Pursuant to the Investment Agreement, as amended, the Issuer had agreed to file a registration statement (the Registration Statement) with the Securities and Exchange Commission (the SEC) within nine months following the Tranche 1 closing date to register the Registrable Securities (as defined in the Investment Agreement) then beneficially owned by Amer or any of its affiliates or issuable to Amer or any of its affiliates upon exercise of any option, warrant or other security convertible into or exercisable for Common Stock. The Issuer also agreed to use its reasonable best efforts to have the Registration Statement declared effective as promptly as practicable after filing thereof with the SEC and to cause such Registrable Securities to be qualified in such jurisdictions as Amer may reasonably request. There is currently an effective registration statement covering the resale of the Tranche 1 shares and the shares of Common Stock underlying the Amer Warrant issued to Amer. Under the New Purchase Agreement, the Issuer confirmed its commitment to file a re-sale registration statement with the SEC within nine months following the closing under the New Purchase Agreement to register the Registrable Securities (as defined in the New Purchase Agreement) then beneficially owned by Amer or any of its affiliates or issuable to Amer or any of its affiliates upon exercise of any option, warrant or other security convertible into or exercisable for Common Stock, including in respect of the Common Shares issued pursuant to the New Purchase Agreement, the shares previously issued to Amer upon the closing of Tranche 2 under the Investment Agreement, and the shares underlying the Warrant. Amer also has certain piggyback registration rights under the New Purchase Agreement in the event the Issuer files a registration statement relating to an offering for its own account or the account of others.

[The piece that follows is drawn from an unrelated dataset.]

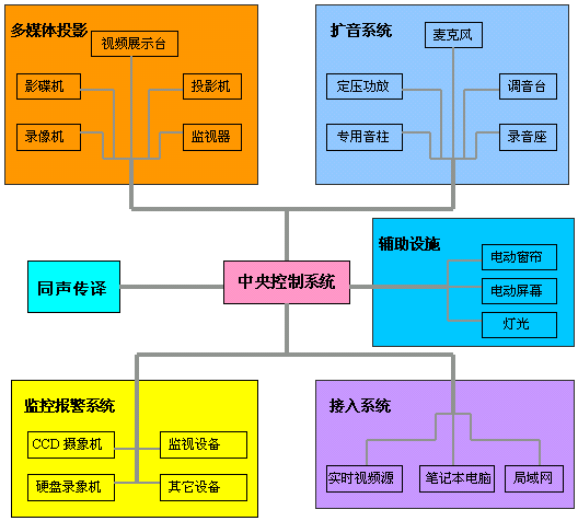 投影機從CRT三槍投射方式到現在的LCD單槍液晶投影及最新研制的DLP數碼投影機,雖然只經歷了短短的數年,但這項科技的發明卻給人們帶來了太多的方便與實惠。想象一下,在沒有大屏幕投影的年代,人們召開新產品演示發布會、大型公開教學、大型會議等都將停留在原始的說教方式,而不能很好地結合圖文播放以表達與會者的意圖。以投影方式區分,有正投、背投、組合拼接三種方式。正投又分為吊裝、坐裝兩種,其優點是場地利用率高、安裝簡單。背投方式抗環境光線干擾能力強,氣派、美觀,缺點是要求場所要有足夠的縱深。組合拼接是目前大幅面投影方式的首選,廣泛應用于電視臺、交通指揮監控中心、報警中心、部隊等場合,其優點是亮度高、畫面組合方式靈活、屏幕尺寸大,但同時需要有足夠的投資。 音響系統 音響系統在會議、教學場合有著舉足輕重的地位,音響效果的好壞甚至決定一場會議或一堂教學的成功與否。音響主要包括功放、主音箱、中置音箱、環繞音箱、定位音箱等部分組成,實現功能可分為擴音、伴音、現場音效、環繞,不同配置及不同檔次的音響設備將營造出完全不同的效果,因此在具體配置時一定要根據現場環境的要求,結合實際所需,通過咨詢專業音響人士給出一套真正實用、完美的音響系統。 多媒體周邊設備 現代會議需要多種視頻信號及現場環境調控,如要播放一些產品演示光碟、錄像帶這就需要DVD和錄像機,如現場環境調控所需的調光燈、日光燈及電動窗簾等。我們把以上設備統稱為多媒體周邊設備。下面列舉一些我們現代會議必需的一些多媒體周邊設備及其功能: DVD 播放高密光盤,提供高質量的視音頻信號源。 錄像機 播放錄像帶,提供視音頻信號源。 視頻展示臺 將現場實物轉換成視頻信號,在顯示設備上播出。 磁帶卡座 播放磁帶的音頻信號及會議現場錄音。 電視 接收電視射頻信號及各種視頻播放的信號。同類設備有背投電視、等離子顯示器等。 計算機 演示計算機軟件及其產品。 投影機 通過投影方式,播放以上一些設備源所輸入的視頻信號。 電子白板 使用就像用黑板一樣方便,但可即時把所書寫的內容通過白板自帶的打印機打印出來。 電動屏幕 配合投影機使用,以便得到高質量的大幅面圖像。 現場燈光 配合會議進行現場環境調控。 電動窗簾 配合會議進行現場環境調控。 中央控制系統 現代化的會議場所集合了電腦及多種視音頻輸入輸出設備,操作者需要對每個設備實現控制,還要完成設備間的信號切換,使之在一個或多個演播設備中播出,同時現代化的會議對燈光、電動屏幕及窗簾的配合控制也是必不可少的要求。針對以上問題,中央控制系統是最佳解決方案,操作者通過直觀的控制界面操作,將復雜的會議設備操作及環境控制變得輕松自如。 如何化繁瑣為簡單呢?把它交給中央控制系統! 中央控制系統以其創新的設計,精亦求精的態度,處處以用戶角度去開發各種新產品。輕松控制所有視音頻設備如音響、電器、投影等,實現全局燈光、窗簾等環境的設定。 中央控制系統在以下場所大量使用: 企業、機關會議廳,全面控制所有的視音頻設備及環境設定; 大型多功能廳、階梯教室、發布會,對視音頻、大屏幕投影及燈光控制 展覽會、巡回演示,輕松演示各種設備功能、簡化操作; 博物館、紀念館,控制多媒體演示設備及燈光; 學校、培訓中心,控制多媒體設備電動屏幕、窗簾等; 居家自動化系統、家庭影院的全面控制; 報警控制中心、電力調度中心及摸擬系統培訓中心; 保安監控管理、控制電動防盜門、集中管理監視攝像的掃描、變焦 視像會議系統的攝像、訊號切換、環境控制; 大型體育館,控制視音頻、顯及各種機械設備的操作 | |

In connection with the execution of the Investment Agreement, on November 24, 2015, the Issuer and Amer entered into a Stockholder Agreement which provided for certain rights and obligations of the Issuer and Amer until the time Amer held less than 10% of the Issuers Common Stock or November 24, 2019, at which time the agreement terminated on its own terms; provided, however, that certain transfer restrictions that were applicable to equity securities of the Issuer beneficially owned by Amer terminated on November 24, 2016. Pursuant to the Stockholder Agreement, as of the Tranche 1 closing date, Amer was entitled to nominate one director for election to the Issuers Board of Directors (the Board). Amer was also entitled to designate one, two or three nominees for election to the Board based on the Amer Ownership Percentage (as was defined in the Stockholder Agreement) and whether a drawdown had occurred under the Bank Loan. Following the Tranche 1 closing, Amer designated Tong Zhang as its director nominee for election to the Board. Mr. Zhang was appointed to the Board in December 2015 and elected as a Class II director at the 2018 annual meeting of stockholders for a three-year term. Mr. Zhang resigned from the Board in July 2019.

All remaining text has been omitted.